:: SUPPLIED ENTRIES ::

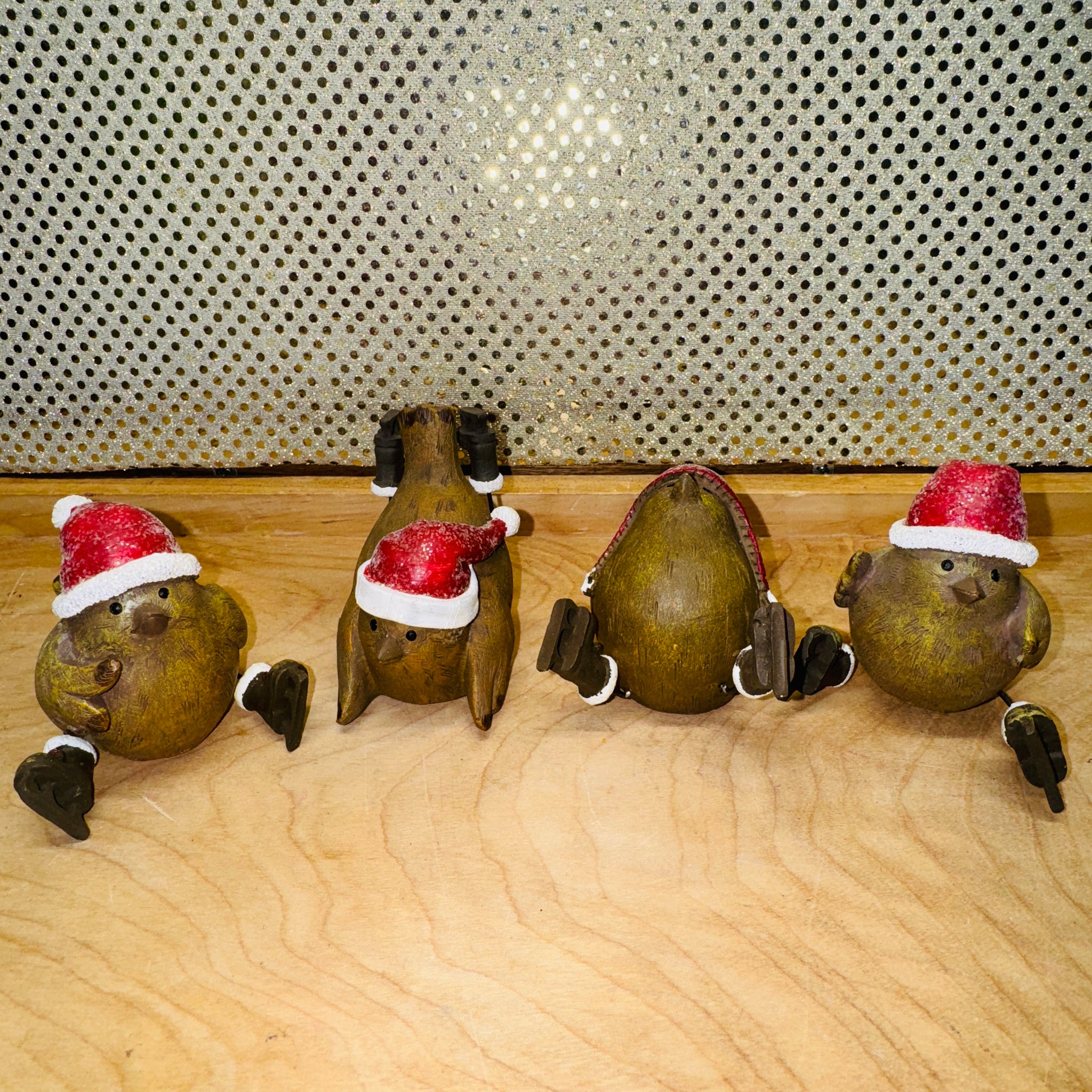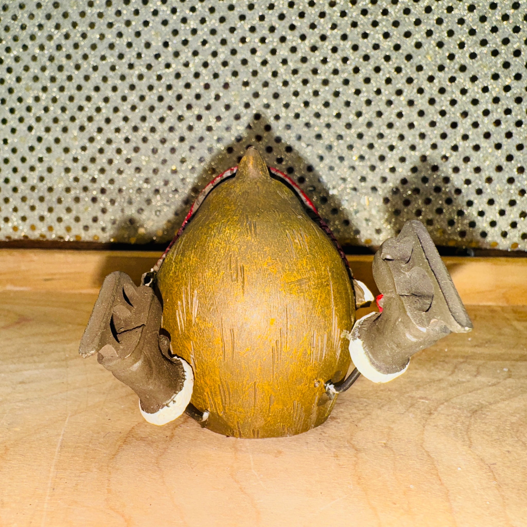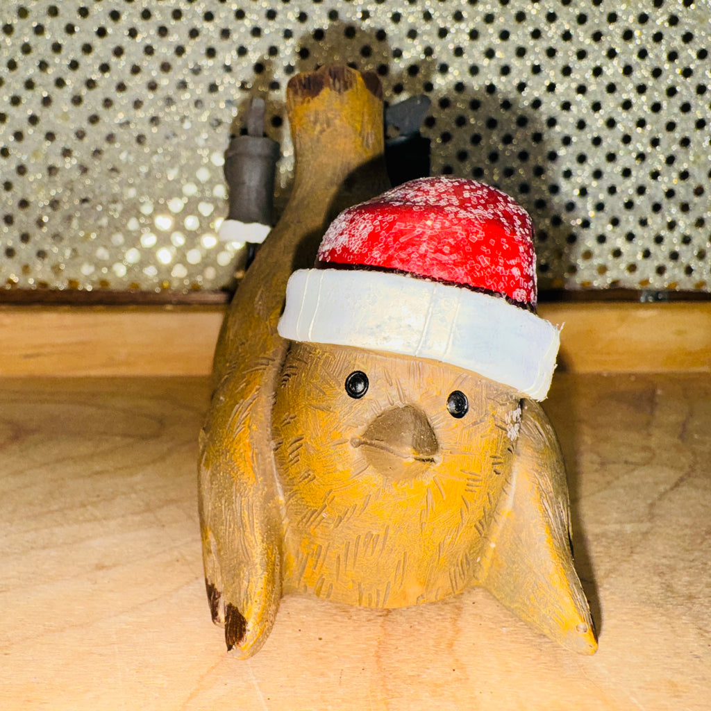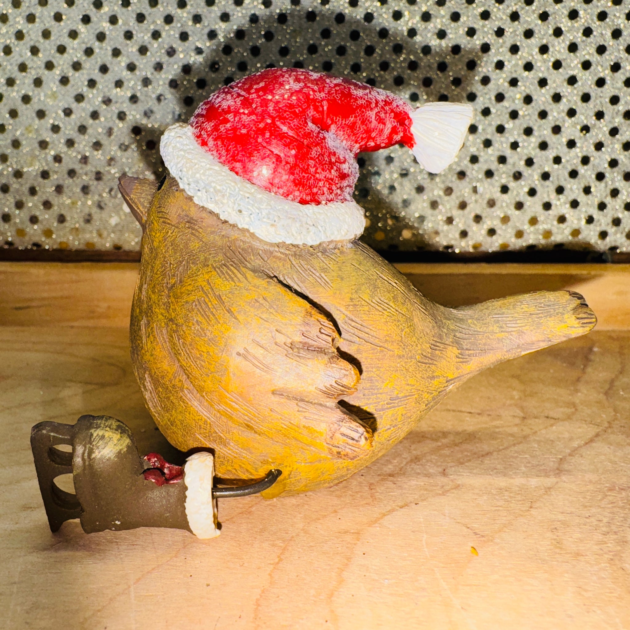 Bird with red hat and pom wearing ice skates. Cute on a side table, windowsill or shelf
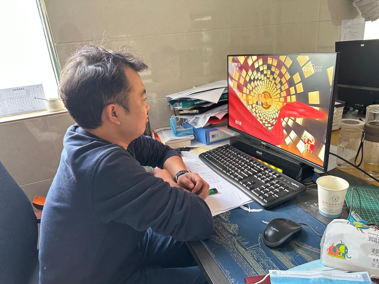 图1:临床党支部书记王德昌同志正在学习观看《榜样7》专题节目
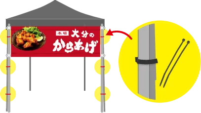 縦と横のポールが交差する位置を結束バンドなどで固定します。
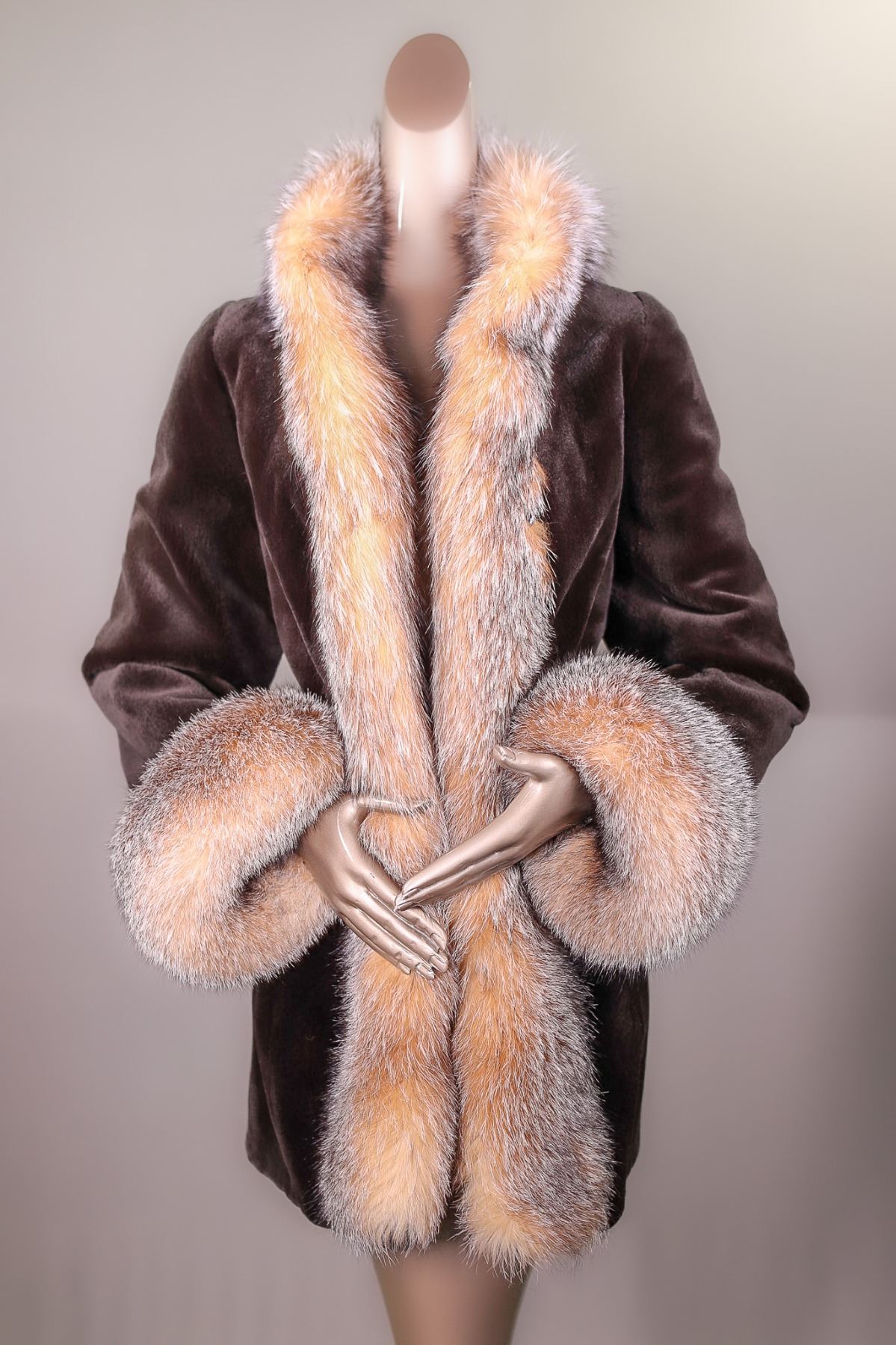 Ladies brown sheared mink stroller with crystal fox tuxedo collar and band cuffs. Reversible to taffeta rainwear. Free sleeve alterations and exchangeable - visit donor at their booth for sizing. For over 70 years, internationally renowned Alaska Fur Gallery of Anchorage has met the fashion needs of discerning men and women. Malena Hausinger, 907-274-3877, 907-223-3678, 428 W 4th Avenue, Anchorage, AK 99501, info@akfurgallery.com, AKFurGallery.Com, BOOTH #2933.
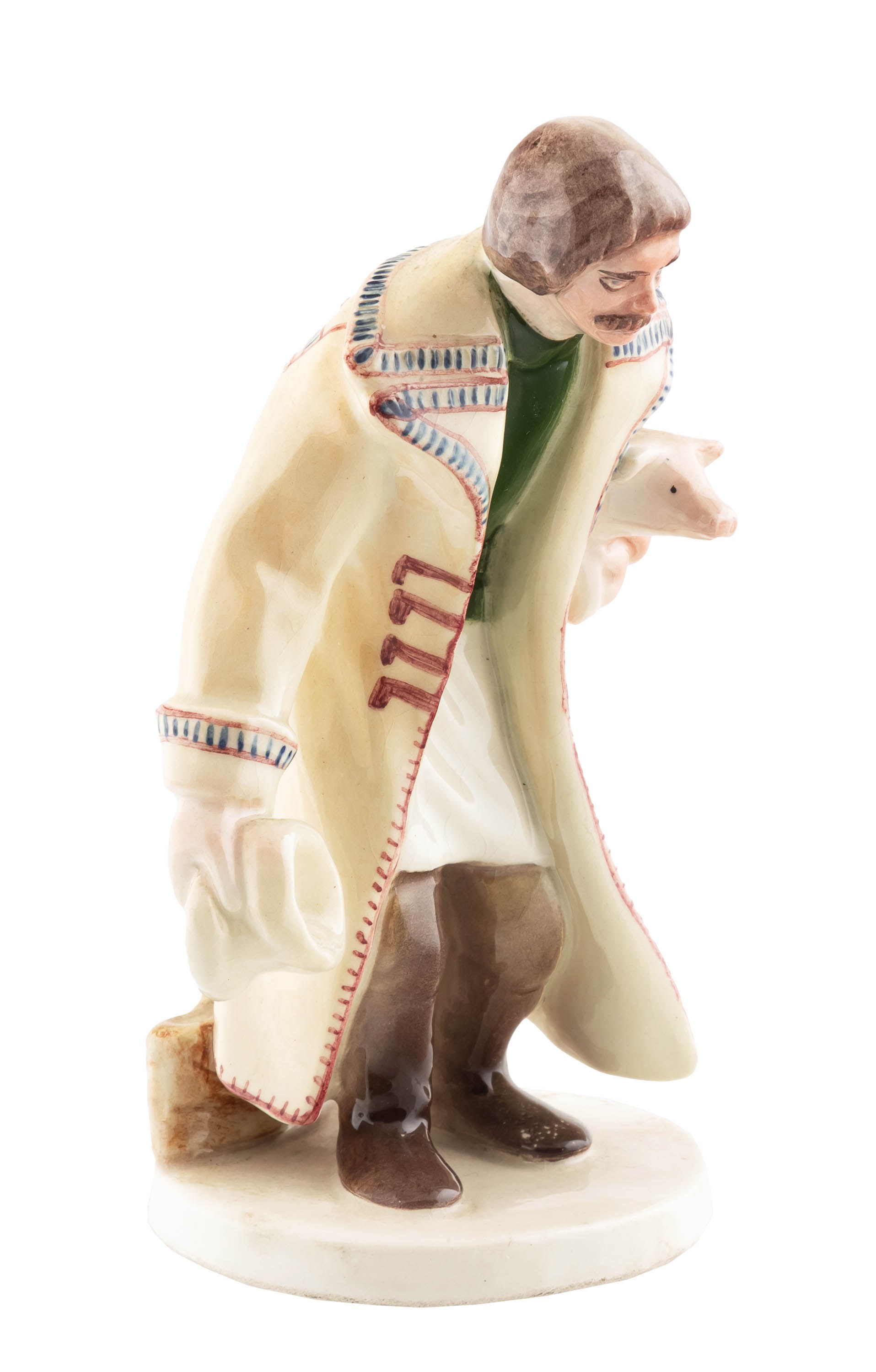 fajans, ręcznie malowany podszkliwnie, sygn. na spodzie wyciskiem w masie: Made in Poland (częściowo czytelne), w trójkącie litera P, 617/186, 6/3 | I, owal z literą P i herbem Rogala (częściowo czytelne), ubytek na cokole z tyłu.
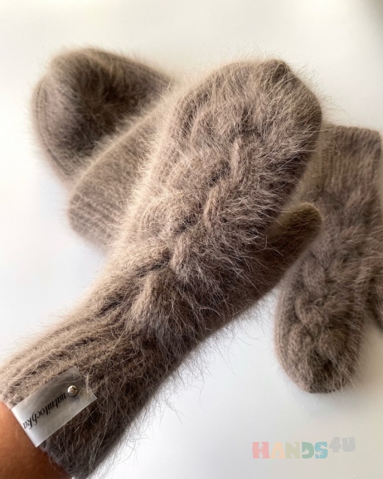 Купить Вязаные варежки с косой из ангоры, Варежки, Варежки, митенки, перчатки, Аксессуары ручной работы. Мастер Наталья Ведяева (natnitochka) . варежки
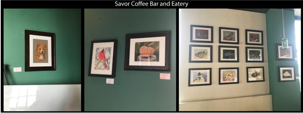 Which brings me to the BIG NEWS!!!! I now have my very own solo art exhibition. You heard me right. 31 of my paintings/ drawings are now on display today through April 16th, 2023 at Savor Coffee Bar and Eatery. Each piece is also for sale as well. Stop on by and check it out! If you do, feel free to take a picture of you with my art (or just my art for non-selfie peeps) and post on Facebook and tag my art page Davet Fine Art or on Instagram – Dave Fine Art.
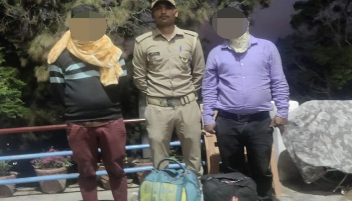 पुलिस से मिली जानकारी के अनुसार सल्ट थानाध्यक्ष गोविन्द सिंह मेहता मय आरक्षी मनमोहन सिंह व भूपेन्द्र पाल के साथ चेकिंग कर रहे थे। इसी बीच चिमटाखाल के पास दो लोगों के कब्जे से 02 बैगों में से 11 बोतल, 24 अद्धे व 96 पव्वे अवैध देशी मसालेदार शराब मिली। जो अवैध रूप से ले जाई जा रही थी। इसकी कीमत 14,800 रुपये बताई गई है। पुलिस ने दो आरोपियों अरविन्दर सिंह पुत्र ज्ञान सिंह, निवासी ग्राम मल्ला अछरौन, सल्ट व पुष्कर सिंह पुत्र आनन्द सिंह, निवासी ग्राम पिनाकोट, सल्ट, अल्मोड़ा को गिरफ्तार कर लिया और उनके खिलाफ थाना सल्ट में 60 आबकारी अधिनियम के अन्तर्गत अभियोग पंजीकृत कर आवश्यक कार्यवाही की।

:::

Output, exactly, all the records above; include no pictures.

 Bird with red hat and pom wearing ice skates. Cute on a side table, windowsill or shelf
 图1:临床党支部书记王德昌同志正在学习观看《榜样7》专题节目
 縦と横のポールが交差する位置を結束バンドなどで固定します。
 Ladies brown sheared mink stroller with crystal fox tuxedo collar and band cuffs. Reversible to taffeta rainwear. Free sleeve alterations and exchangeable - visit donor at their booth for sizing. For over 70 years, internationally renowned Alaska Fur Gallery of Anchorage has met the fashion needs of discerning men and women. Malena Hausinger, 907-274-3877, 907-223-3678, 428 W 4th Avenue, Anchorage, AK 99501, info@akfurgallery.com, AKFurGallery.Com, BOOTH #2933.
 fajans, ręcznie malowany podszkliwnie, sygn. na spodzie wyciskiem w masie: Made in Poland (częściowo czytelne), w trójkącie litera P, 617/186, 6/3 | I, owal z literą P i herbem Rogala (częściowo czytelne), ubytek na cokole z tyłu.
 Купить Вязаные варежки с косой из ангоры, Варежки, Варежки, митенки, перчатки, Аксессуары ручной работы. Мастер Наталья Ведяева (natnitochka) . варежки
 Which brings me to the BIG NEWS!!!! I now have my very own solo art exhibition. You heard me right. 31 of my paintings/ drawings are now on display today through April 16th, 2023 at Savor Coffee Bar and Eatery. Each piece is also for sale as well. Stop on by and check it out! If you do, feel free to take a picture of you with my art (or just my art for non-selfie peeps) and post on Facebook and tag my art page Davet Fine Art or on Instagram – Dave Fine Art.
 पुलिस से मिली जानकारी के अनुसार सल्ट थानाध्यक्ष गोविन्द सिंह मेहता मय आरक्षी मनमोहन सिंह व भूपेन्द्र पाल के साथ चेकिंग कर रहे थे। इसी बीच चिमटाखाल के पास दो लोगों के कब्जे से 02 बैगों में से 11 बोतल, 24 अद्धे व 96 पव्वे अवैध देशी मसालेदार शराब मिली। जो अवैध रूप से ले जाई जा रही थी। इसकी कीमत 14,800 रुपये बताई गई है। पुलिस ने दो आरोपियों अरविन्दर सिंह पुत्र ज्ञान सिंह, निवासी ग्राम मल्ला अछरौन, सल्ट व पुष्कर सिंह पुत्र आनन्द सिंह, निवासी ग्राम पिनाकोट, सल्ट, अल्मोड़ा को गिरफ्तार कर लिया और उनके खिलाफ थाना सल्ट में 60 आबकारी अधिनियम के अन्तर्गत अभियोग पंजीकृत कर आवश्यक कार्यवाही की।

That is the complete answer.